Just imagine it. You get up at 7 – a full hour, at least, before your regular wakeup time – and check the temperature. Perfect. A cool 56 degrees. You make a banana smoothie with protein powder and throw in just a little fish oil so you can get those Omega 3’s. Then you put on your Nike Free foot-shaped running shoes, plug in your Nike Running iPod connector thingy, and hit the road.
If you’re a girl, your boobs have just the right amount of bounciness. Not too painful, not obscene, but just enough to make you feel both fit and feminine. If you’re a boy, you feel that somehow this running is improving your deltoids. That was unexpected, but you’re definitely not complaining. Looks like that girl in the folkband down the street has noticed as well.
You run around your nearest lake, so glad you quit smoking so you can breathe in the morning air. While you run, you think about the rhythm of your own breathing, and structure the outline for a novel in your head. After 45 minutes, you get back and can’t wait to dig into a bowl of Grape Nuts. Fiber time!

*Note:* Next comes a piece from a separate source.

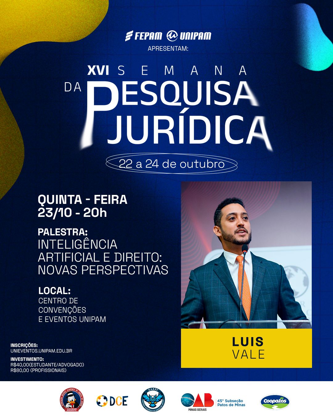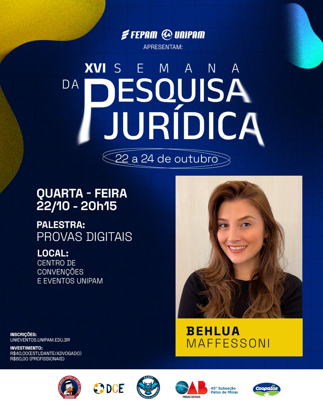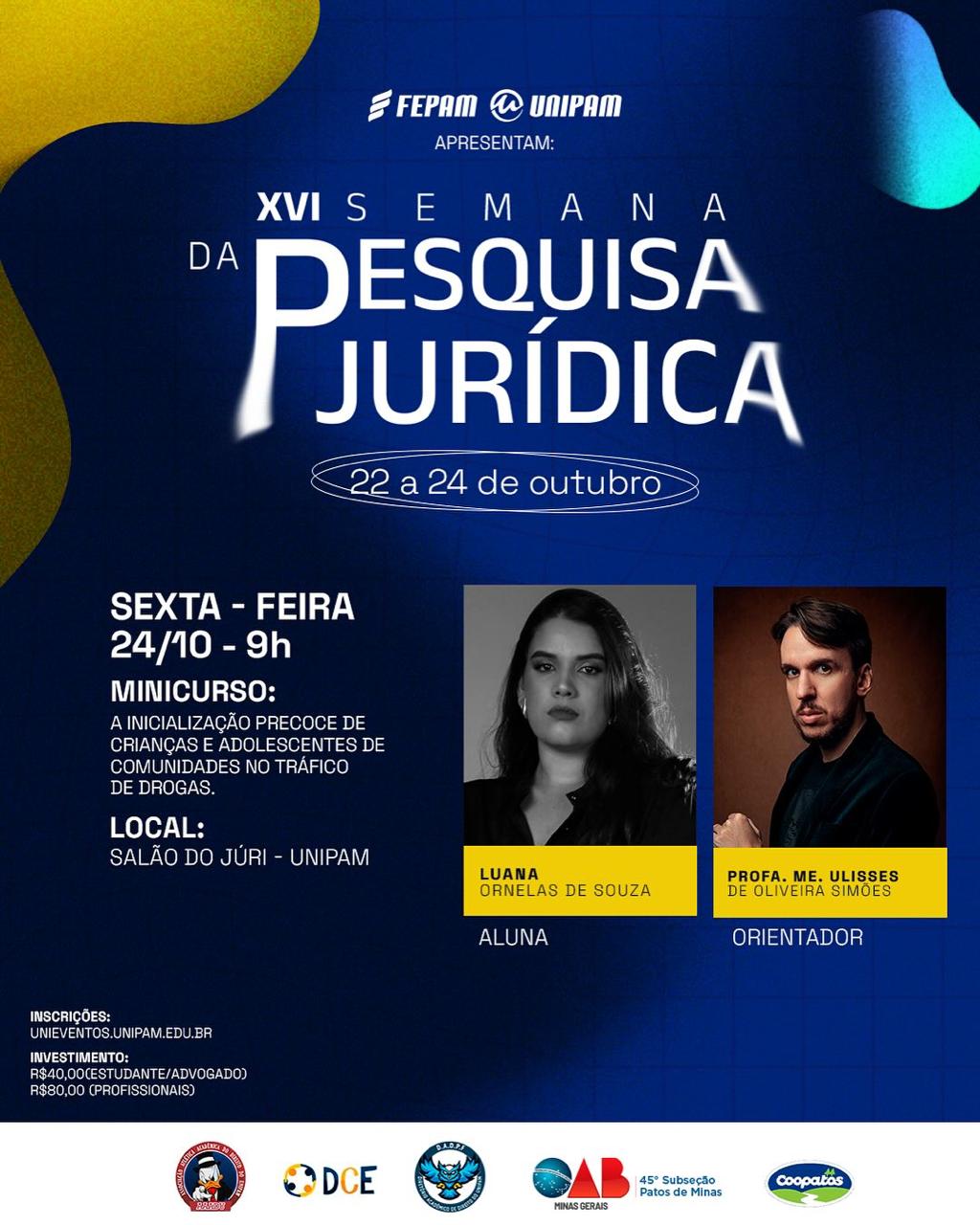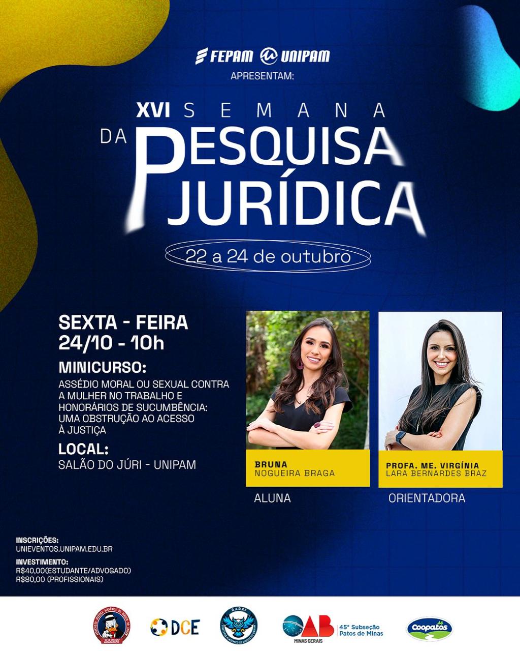 O curso de Direito do Centro Universitário de Patos de Minas (UNIPAM) promoverá, de 22 a 24 de outubro, no Bloco C e no Centro de Convenções e Eventos (CCE), a 16ª Semana da Pesquisa Jurídica. O evento contará com palestras, com minicursos e com apresentações orais e de pôsteres, reunindo professores, alunos e profissionais da área jurídica em um espaço de troca de conhecimento e de experiências.

Think about this as you actually wake up, after pressing the snooze button 4 times. Plan the next day that you could conceivably do this as you have your morning cigarette while sitting on the dirty rug on your porch. It probably won’t be for at least 3 weeks. You are a busy, in demand person, with no time to run aimlessly! Give up on the idea as you pour yourself a bowl of Reeses Puffs. If you don’t have to go to work, watch Regis and Kelly. Admire Kelly Rippa’s biceps, and pledge to workout, when you finally get the time.